INPUT FOR THIS TASK:
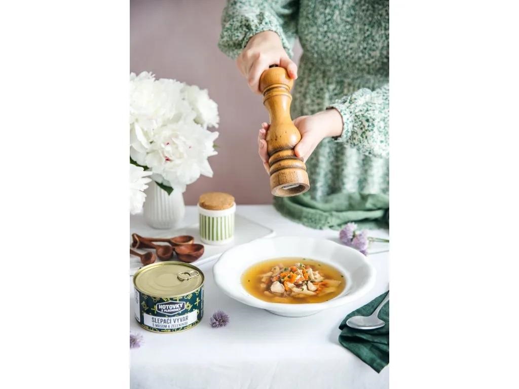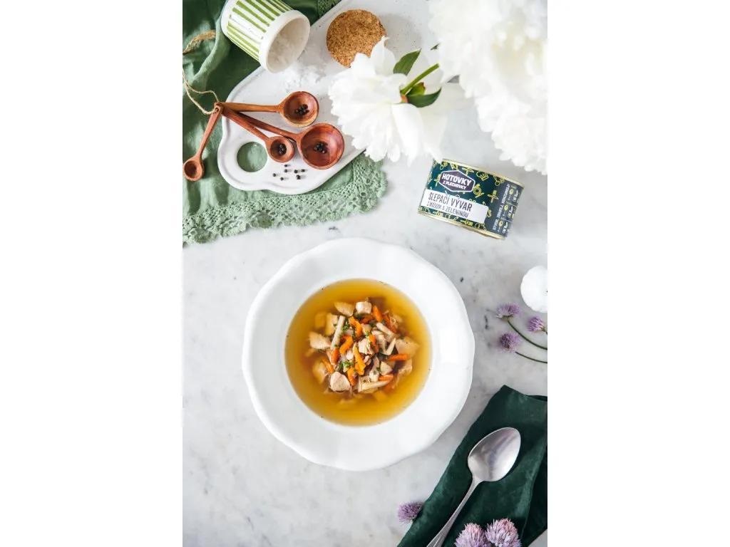 Supă de găină cu carne și legume 400ml de la producătorul Hotovky z plechovky. Alimentele au o valoare nutrițională echilibrată, prepararea lor durează doar câteva minute și se consumă direct din conservă, farfurie sau alt vas. Ideal pentru drumeții mai lungi, camping, pescuit, vânătoare și activități similare. În rucsac ocupă foarte puțin spațiu.
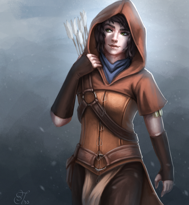 Beautiful work! The design of her outfit is simply excellent: you've created something that's both practical and looks really attractive on her, and your strong, effective use of colour makes the entire pic just pop. Well done!
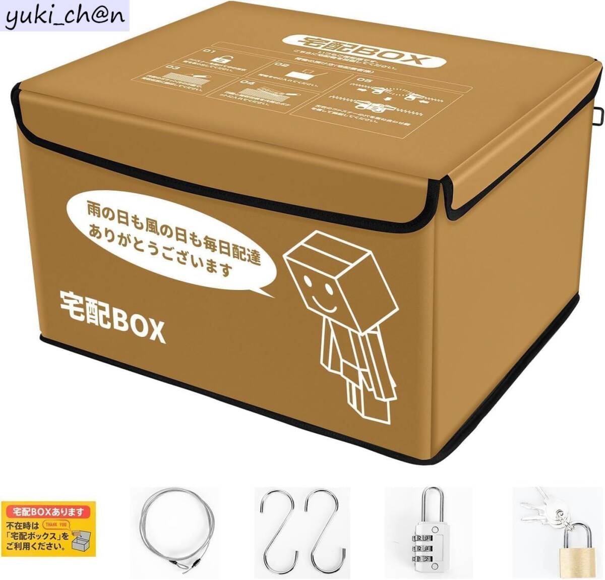- 宅配ボックス 大容量75L 折りたたみ式 防水 保冷 盗難防止 ワイヤー付き 鍵付き 屋外用 置き型 掛け型 ブラウン南京錠
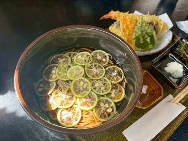 2025年10月14日 【移転オープン】丁寧な手打ちそばをリーズナブルに味わえる!風味とコシを堪能できる、町の蕎麦屋さん|米子市 na-na すだち蕎麦 ¥1,250(10月中旬ごろまで) 爽やかな柑橘の香りとすっきりした味わいで、暑い日にぴったりの一杯。薄切りのすだちがたっぷり浮かんでいて、清涼感が口いっぱいに広がります。 天麩羅盛り合わせ ¥600 揚げたてのサクサク天ぷらは蕎麦との相性抜群。お手頃価格で満足度も高いセットでした。 次ページ > 温玉山かけ冷やし蕎麦 ¥1,100(大盛 +¥300) < 1 2 3 >
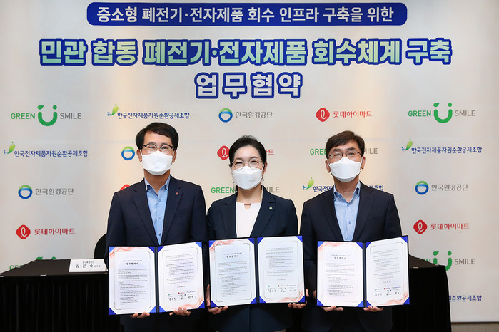 롯데하이마트는 중소형 폐가전으로 인한 환경문제를 개선하기 위해 한국환경공단, 한국전자제품자원순환공제조합과 손잡고 폐가전 회수 체계를 구축한다.
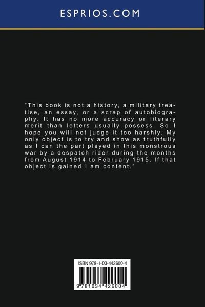 "This book is not a history, a military treatise, an essay, or a scrap of autobiography. It has no more accuracy or literary merit than letters usually possess. So I hope you will not judge it too harshly. My only object is to try and show as truthfully as I can the part played in this monstrous war by a despatch rider during the months from August 1914 to February 1915. If that object is gained I am content."
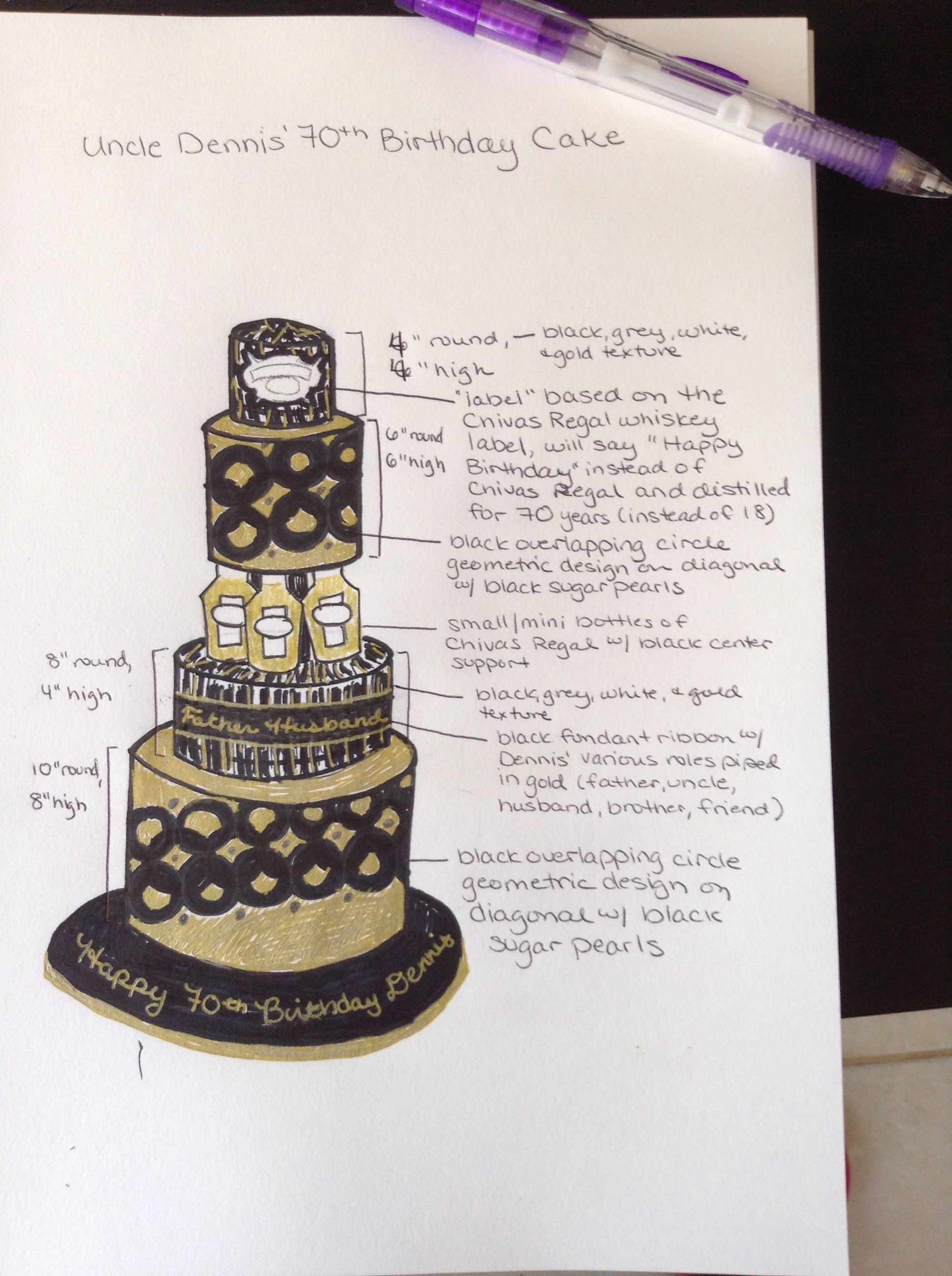 Since it is only 2 tiers and a very simple design I am not worried. White Swiss Meringue BC, either a black vine and leaves or a black piped swirl and some red roses. I buy my roses. I think even Wall World could pull off this design.....it would just taste like crappola
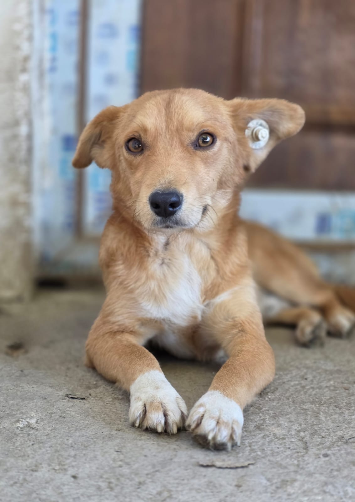 Viki hat Semy in der Tötungsstation gefunden und sofort mitgenommen. Jeder Hund, der in die Tötung eingeliefert wird, bekommt so einen Registrierungsknopf ins Ohr. Deshalb das Bild, noch mit Knopf im Ohr.

PROBLEM TO WORK ON:
Please retype the records above exactly, excluding every picture.

OUTPUT:
 Supă de găină cu carne și legume 400ml de la producătorul Hotovky z plechovky. Alimentele au o valoare nutrițională echilibrată, prepararea lor durează doar câteva minute și se consumă direct din conservă, farfurie sau alt vas. Ideal pentru drumeții mai lungi, camping, pescuit, vânătoare și activități similare. În rucsac ocupă foarte puțin spațiu.
 Beautiful work! The design of her outfit is simply excellent: you've created something that's both practical and looks really attractive on her, and your strong, effective use of colour makes the entire pic just pop. Well done!
- 宅配ボックス 大容量75L 折りたたみ式 防水 保冷 盗難防止 ワイヤー付き 鍵付き 屋外用 置き型 掛け型 ブラウン南京錠
 2025年10月14日 【移転オープン】丁寧な手打ちそばをリーズナブルに味わえる!風味とコシを堪能できる、町の蕎麦屋さん|米子市 na-na すだち蕎麦 ¥1,250(10月中旬ごろまで) 爽やかな柑橘の香りとすっきりした味わいで、暑い日にぴったりの一杯。薄切りのすだちがたっぷり浮かんでいて、清涼感が口いっぱいに広がります。 天麩羅盛り合わせ ¥600 揚げたてのサクサク天ぷらは蕎麦との相性抜群。お手頃価格で満足度も高いセットでした。 次ページ > 温玉山かけ冷やし蕎麦 ¥1,100(大盛 +¥300) < 1 2 3 >
 롯데하이마트는 중소형 폐가전으로 인한 환경문제를 개선하기 위해 한국환경공단, 한국전자제품자원순환공제조합과 손잡고 폐가전 회수 체계를 구축한다.
 "This book is not a history, a military treatise, an essay, or a scrap of autobiography. It has no more accuracy or literary merit than letters usually possess. So I hope you will not judge it too harshly. My only object is to try and show as truthfully as I can the part played in this monstrous war by a despatch rider during the months from August 1914 to February 1915. If that object is gained I am content."
 Since it is only 2 tiers and a very simple design I am not worried. White Swiss Meringue BC, either a black vine and leaves or a black piped swirl and some red roses. I buy my roses. I think even Wall World could pull off this design.....it would just taste like crappola
 Viki hat Semy in der Tötungsstation gefunden und sofort mitgenommen. Jeder Hund, der in die Tötung eingeliefert wird, bekommt so einen Registrierungsknopf ins Ohr. Deshalb das Bild, noch mit Knopf im Ohr.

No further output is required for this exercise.